A non-natural RNA molecule comprising a base sequence derived from an RNA-protein complex interaction motif, wherein the RNA molecule specifically changes in structure according to claim 2;
A protein molecule comprising an amino acid sequence that specifically binds to a base sequence derived from the RNA-protein complex interaction motif of the RNA molecule, for inducing a specific structural change of the RNA molecule with the protein molecule kit.
The kit according to claim 4, further comprising an RNA molecule that competes with the RNA-protein complex formation.
A non-natural RNA molecule comprising a base sequence derived from an RNA-protein complex interaction motif, wherein the RNA molecule specifically changes in structure according to claim 2;
A functional RNA-protein complex comprising an amino acid sequence that specifically binds to a base sequence derived from the RNA-protein complex interaction motif of the RNA molecule, and a protein molecule comprising a functional protein.
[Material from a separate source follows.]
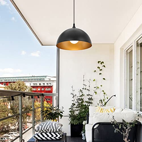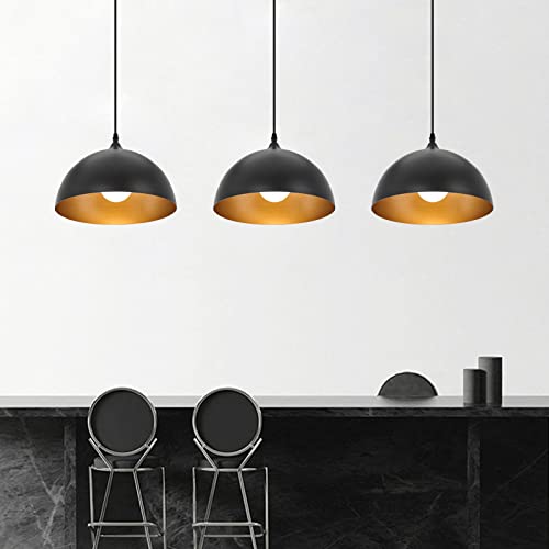 [Industrial & Retro Design]–3 pack pendant lights features a retro-style dome shade in a two-tone finish (matte black and gold), a design that creates a stark contrast.The outer paint is not easy to fall off and easy to clean.

The function according to claim 7, wherein the functional protein is one or more selected from a marker protein, a membrane-permeable protein, a protein specific to a tumor, a protein having a therapeutic effect, and an antibody that recognizes a specific cell surface. Sex RNA-protein complex.
A method for producing an RNA-protein complex nanostructure comprising:
A non-natural RNA molecule comprising a base sequence derived from an RNA-protein complex interaction motif contains an amino acid sequence that specifically binds to the base sequence derived from the RNA-protein complex interaction motif of the RNA molecule. A method comprising adding a protein molecule and optionally a metal ion.